Without pictures, repeat the lines of the entries from the one containing "2016年 上条乔久 「祈りの風景」·" through the last, both ends included, and nothing else.

___ Provided records

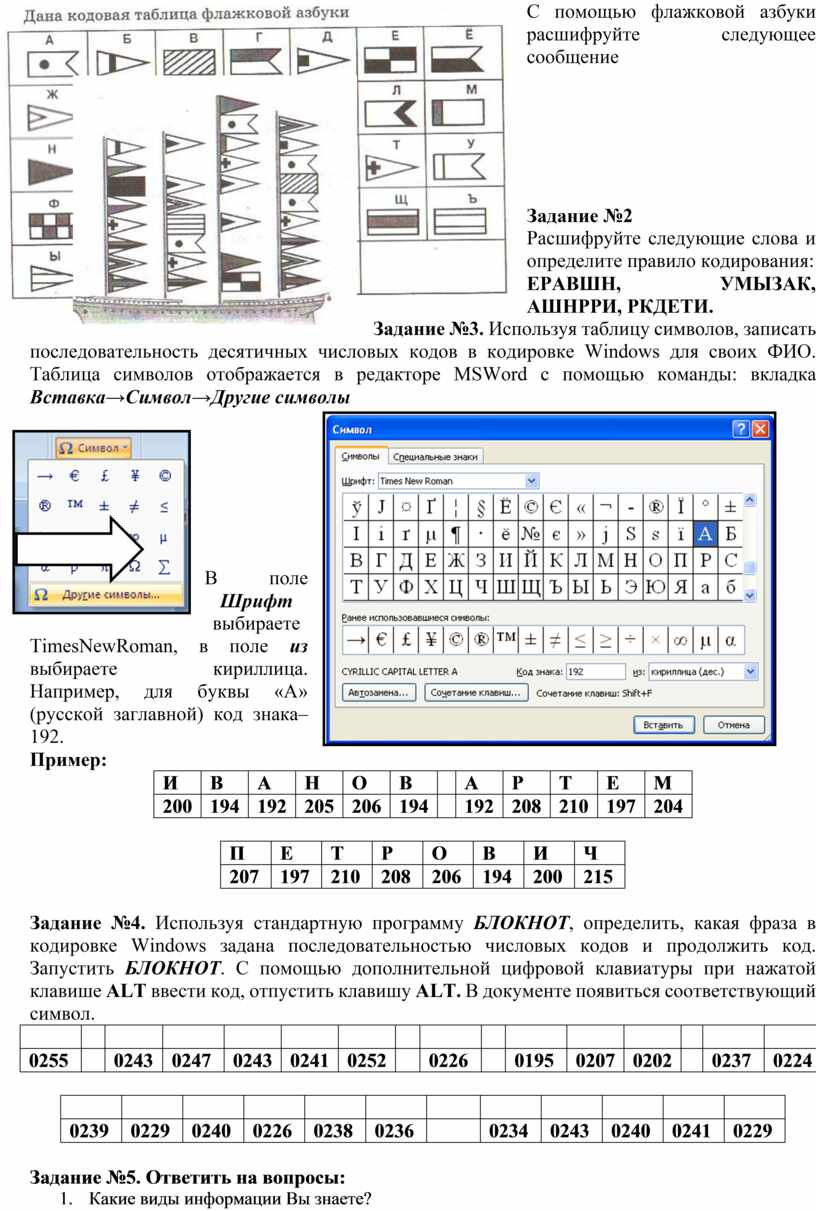 Задание №3. Используя таблицу символов, записать последовательность десятичных числовых кодов в кодировке Windows для своих ФИО. Таблица символов отображается в редакторе MSWord с помощью команды: вкладка Вставка→Символ→Другие символы
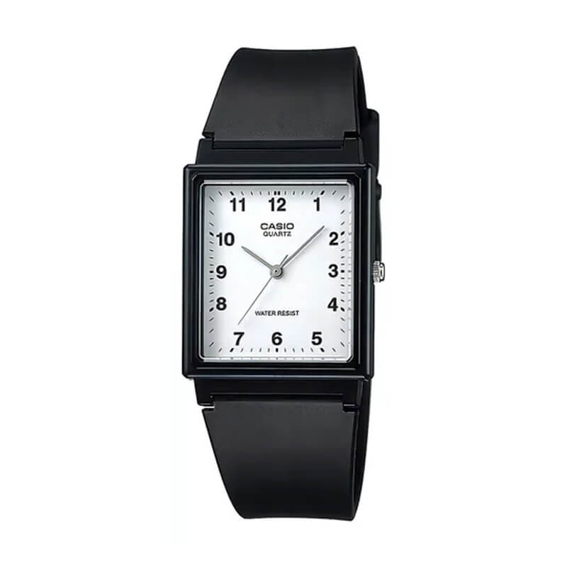El Casio MQ-27-7B presenta una caja rectangular plateada tipo Cartier Tank en resina con correa de resina negra, logrando un diseño sobrio y ligero. Su carátula blanca minimalista con índices negros y manecillas en contraste refuerza un estilo clásico y elegante de inspiración retro.
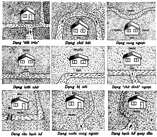 - Đất cạnh ao hồ nhưng ở vị trí vòng ngoài của khúc cua sông (dòng chảy uốn cong ra ngoài nhà) sẽ không tụ khí. Hoặc nhà có đường phản cung, cung đường cong ra ngoài không ôm lấy nhà dễ trở thành thế bị cung tên (đường cong) chĩa vào;
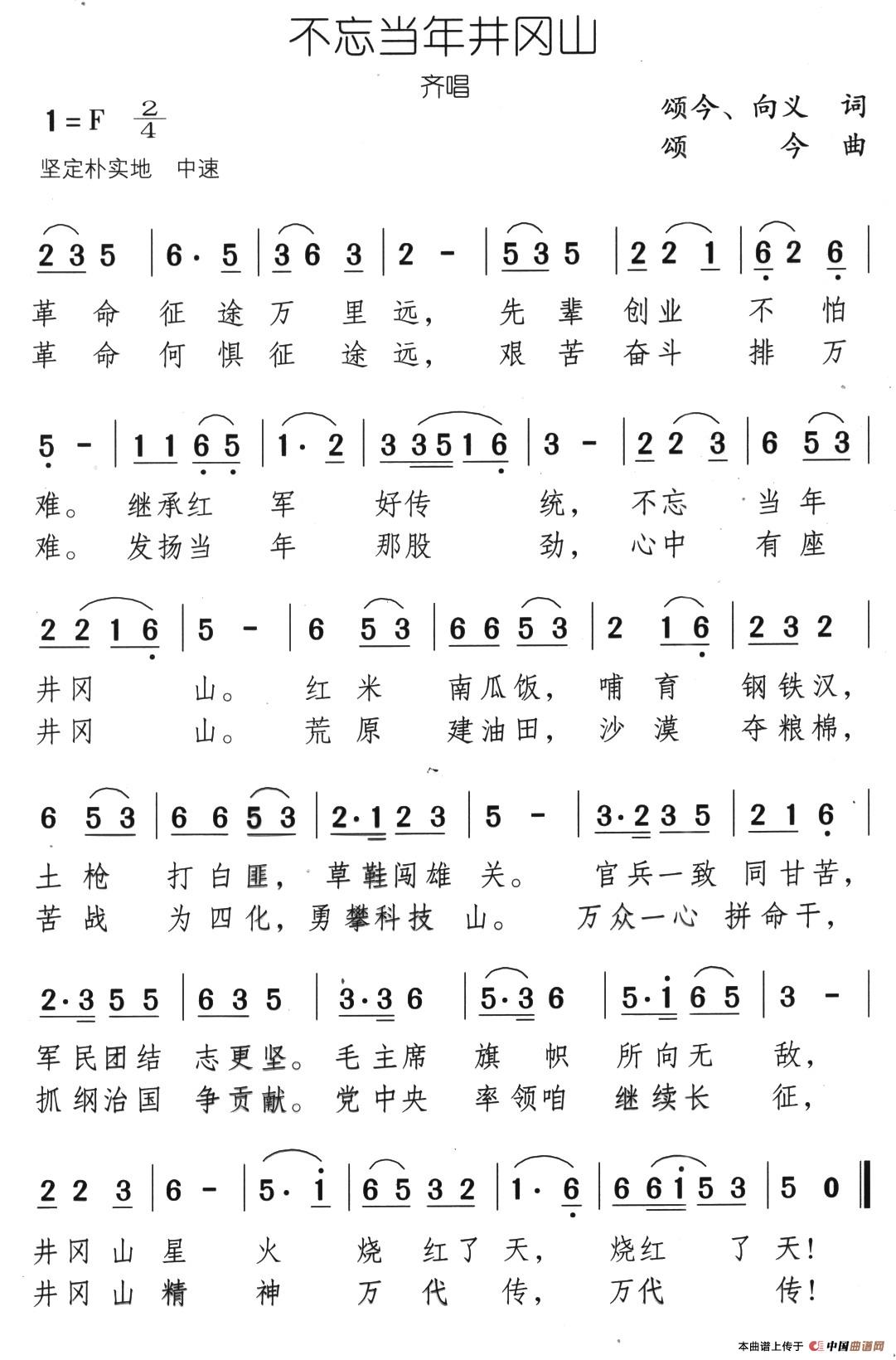 关于《不忘当年井冈山》曲谱的评论
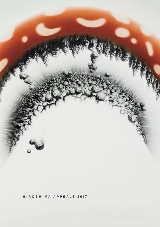 1983年的第一张海报名为“燃烧的蝴蝶”,由当时的JAGDA会长龟仓雄策亲自创作,并在之后的“国际海报展”中获得了最高奖项,在国内外都引起了巨大反响。自从原子弹蘑菇云在广岛腾空而起以来,73年已经过去了。然而如今,却仿佛什么都没有解决,就像许多问题依旧悬在半空中。海报表现的就是2018年世界的现状。· 2017年 原研哉「HIROSHIMA APPEALS 2017 キノコ図」· 原研哉的作品是一幅对于蘑菇云的仰视图。他和相识30年的水谷吉法合作,通过想象与摄像技术的结合,展现了蘑菇云中心的场景。· 2016年 上条乔久 「祈りの風景」·
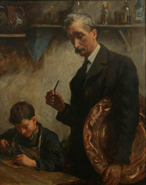 This large oil sketch shows Johnny Payne Cotton beating copper under the watchful eye of John D Mackenzie. Forbes was the founder of the Newlyn School which had close links with the Copper-workers school. The classes were established to give the local young men instruction in a craft that would provide them with an occupation to replace the jobs that had disappeared with the decline of the Cornish tin and copper mining industry.
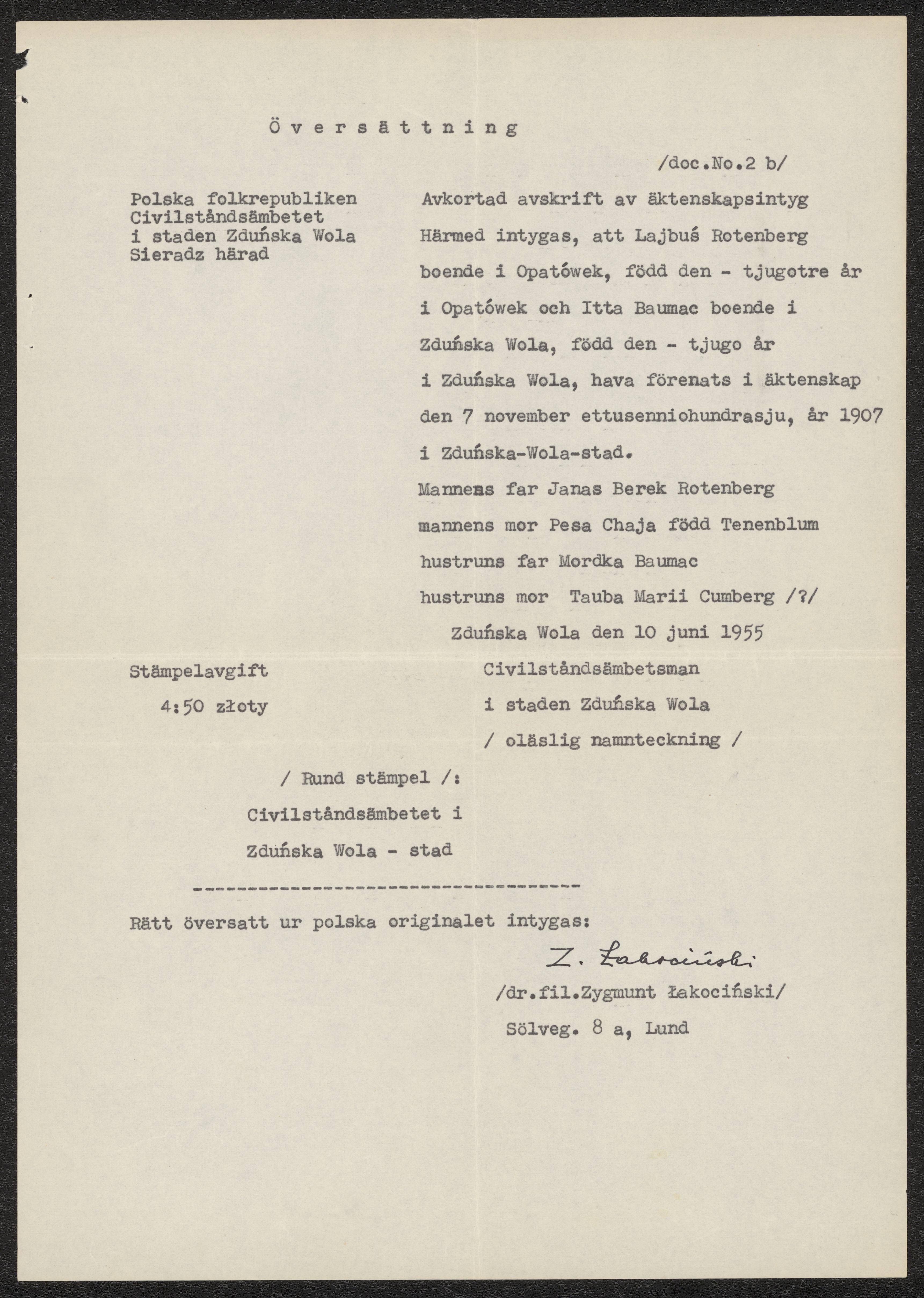 Översättning av äktenskapsbevis 1955-06-10
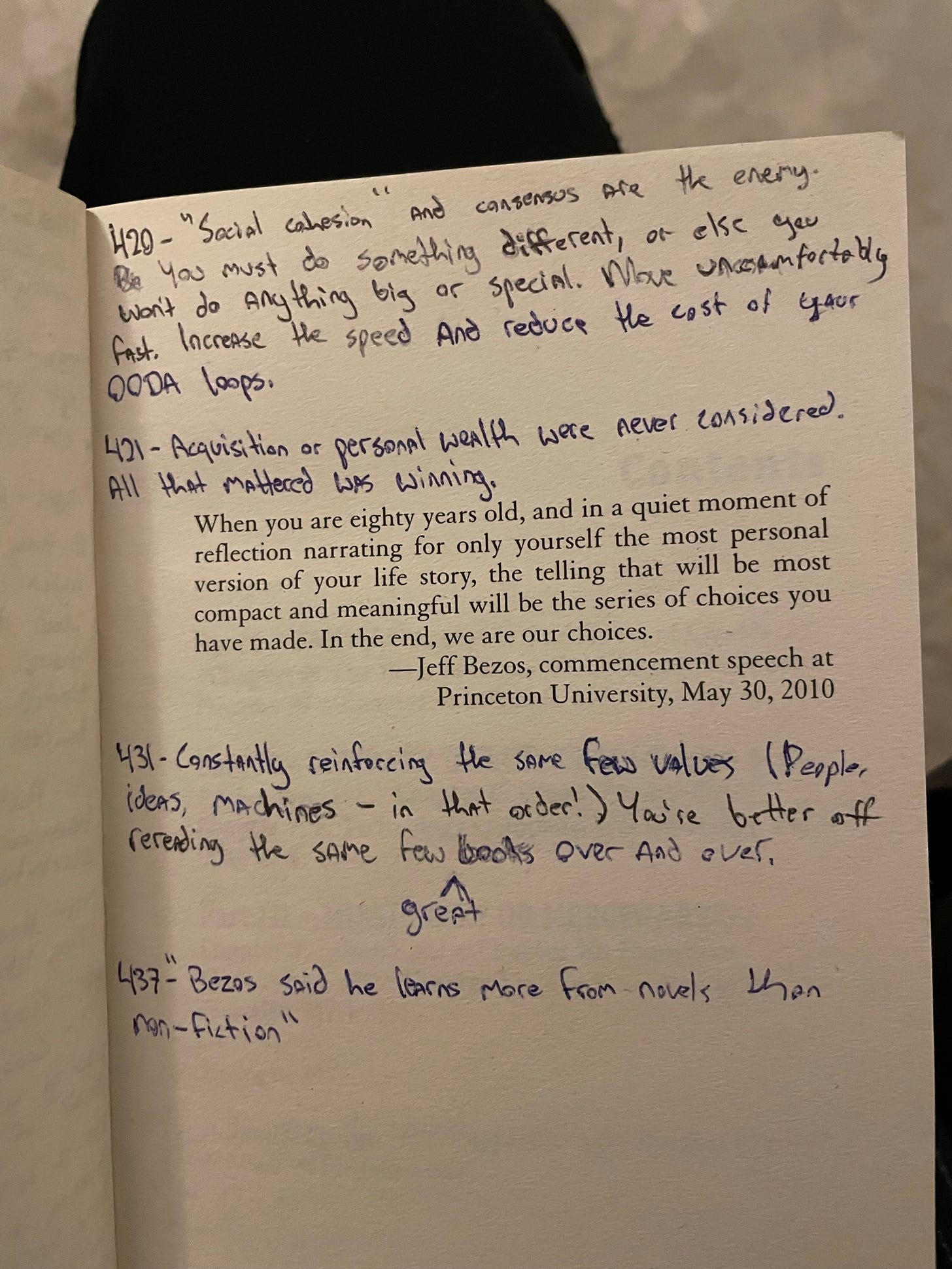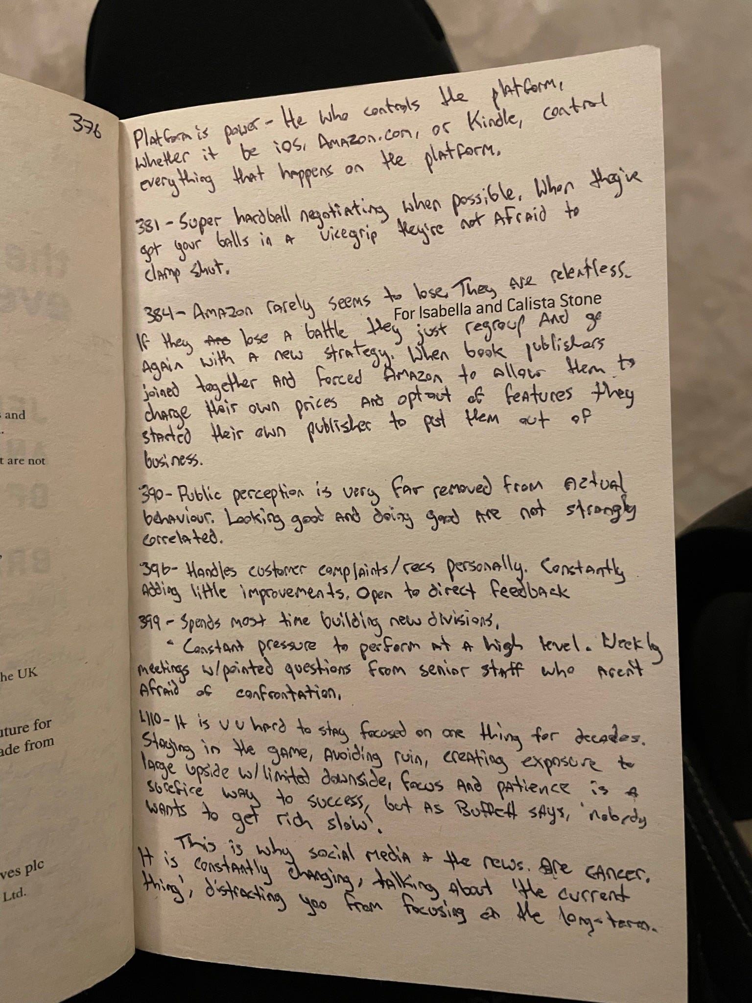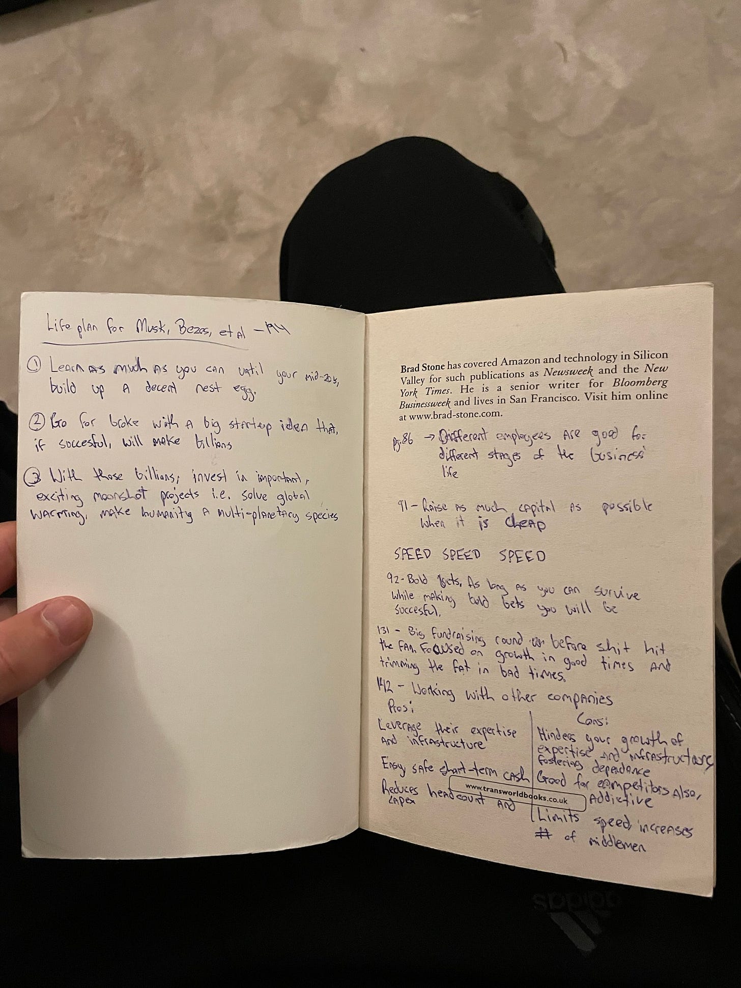 The book also focuses a lot on Bezos and talks about his parents, his childhood, his private life, and his other ventures, including Blue Origin. Despite being 10 years old the book is quite popular, and I found it prominently displayed in my local book store. These notes below were initially scribbled down in the first few pages as I read the book, and include some additional notes I just added. The page numbers correspond to the paperback version, because hardcover books are a rip off and a pain in the ass to read, though they are better to take notes on.

______

● Reply
 1983年的第一张海报名为“燃烧的蝴蝶”,由当时的JAGDA会长龟仓雄策亲自创作,并在之后的“国际海报展”中获得了最高奖项,在国内外都引起了巨大反响。自从原子弹蘑菇云在广岛腾空而起以来,73年已经过去了。然而如今,却仿佛什么都没有解决,就像许多问题依旧悬在半空中。海报表现的就是2018年世界的现状。· 2017年 原研哉「HIROSHIMA APPEALS 2017 キノコ図」· 原研哉的作品是一幅对于蘑菇云的仰视图。他和相识30年的水谷吉法合作,通过想象与摄像技术的结合,展现了蘑菇云中心的场景。· 2016年 上条乔久 「祈りの風景」·
 This large oil sketch shows Johnny Payne Cotton beating copper under the watchful eye of John D Mackenzie. Forbes was the founder of the Newlyn School which had close links with the Copper-workers school. The classes were established to give the local young men instruction in a craft that would provide them with an occupation to replace the jobs that had disappeared with the decline of the Cornish tin and copper mining industry.
 Översättning av äktenskapsbevis 1955-06-10
 The book also focuses a lot on Bezos and talks about his parents, his childhood, his private life, and his other ventures, including Blue Origin. Despite being 10 years old the book is quite popular, and I found it prominently displayed in my local book store. These notes below were initially scribbled down in the first few pages as I read the book, and include some additional notes I just added. The page numbers correspond to the paperback version, because hardcover books are a rip off and a pain in the ass to read, though they are better to take notes on.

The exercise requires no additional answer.